Therapeutic window of antibody-based cancer immunotherapies

Despite the clinical success of antibody-based immune-therapeutics, notable limitations remain, including dose-limiting toxicity which can limit the clinical use of several of the most promising therapeutic antibodies. These toxicities may limit the maximum tolerated dose of the immunotherapies to a very low level, far below the optimal biological dose, and below an effective dose that can induce anti-tumor immunity. Our studies are focused  on better understanding of the cellular and molecular pathways that lead to these toxicities and side effects. This allows us to develop new approaches and novel drug platforms to bypass these toxicities.  Our approach to administer immunotherapies in a safe manner meets an urgent unmet medical need for implementation of promising immunotherapy targets towards clinical use.

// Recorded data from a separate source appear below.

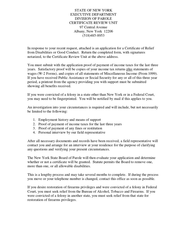 NY Certificate Relief Conduct Guide PDF Felony Irs Tax Forms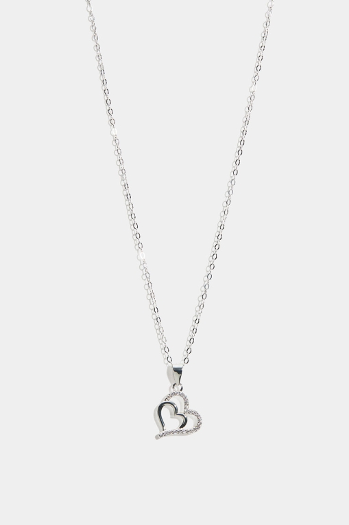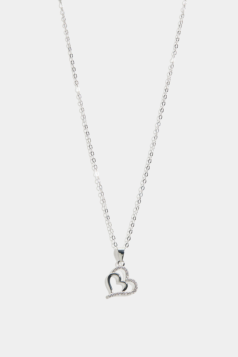 Halskæde i ægte sølv med dobbelt hjerte og kubisk zirkonia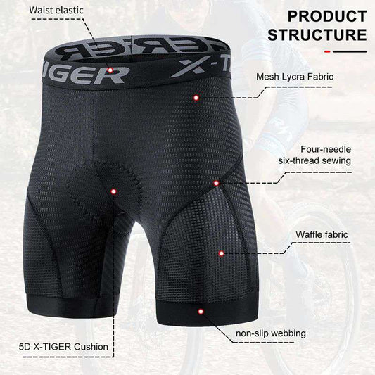 SaleX-TIGER Men's Cycling Underwear Shorts 5D Padded Sports Riding Bike Bicycle MTB Liner Shorts with Anti-Slip Leg Grips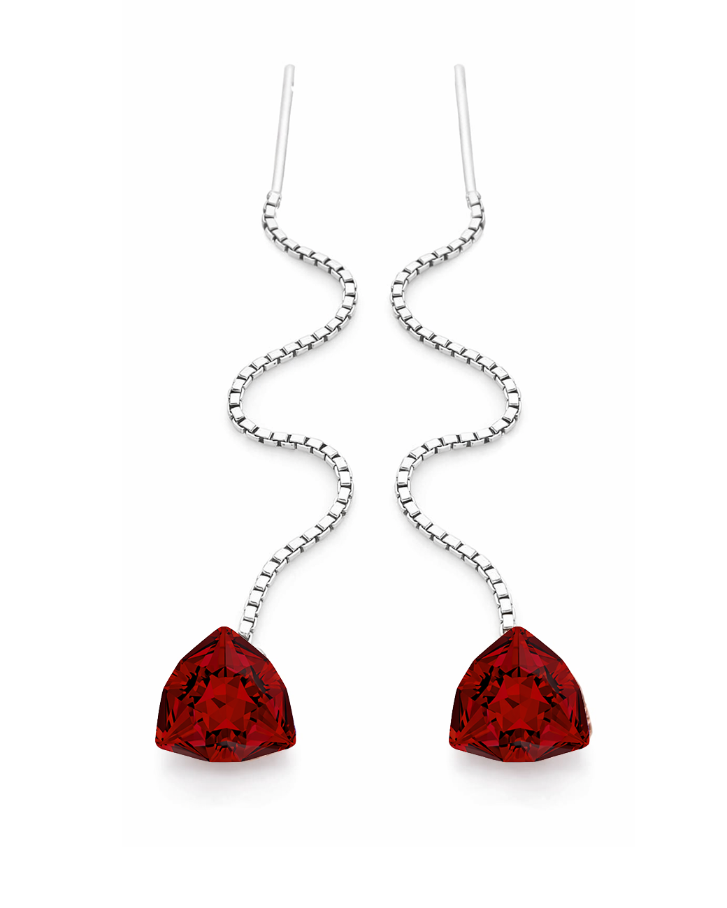 Incrustati cu 2 cristale Swarovski de 7 mm de culoarea rosie, cu taietura trilliant (in forma de triunghi) ,cu o forma dinamica , numeroasele sale fatete se ridica formand o suprafata plana de sus ,creand modele opulente de stralucire.

Related recent publication: Agonistic anti-CD40 antibodies are a potentially powerful approach for activation of the immune response to eradicate tumors. However, the translation of this approach to clinical practice has been substantially restricted due to the severe dose-limiting toxicities observed in multiple clinical trials. We demonstrated that conventional type 1 dendritic cells are essential for triggering antitumor immunity but not the toxicity of CD40 agonists, while macrophages, platelets and monocytes lead to toxic effects. Based on this knowledge, we designed and produced bispecific antibodies that preferentially target CD40 activation to dendritic cells, by coupling the CD40 agonist arm with dendritic cell-targeting arms. These bispecific reagents demonstrate a superior safety profile compared to their parental CD40 monospecific antibody, while triggering potent antitumor activity. We are developing such cell-selective bispecific agonistic antibodies as a drug platform to bypass the dose-limiting toxicities of anti-CD40, and of additional types of agonistic antibodies used for cancer immunotherapy.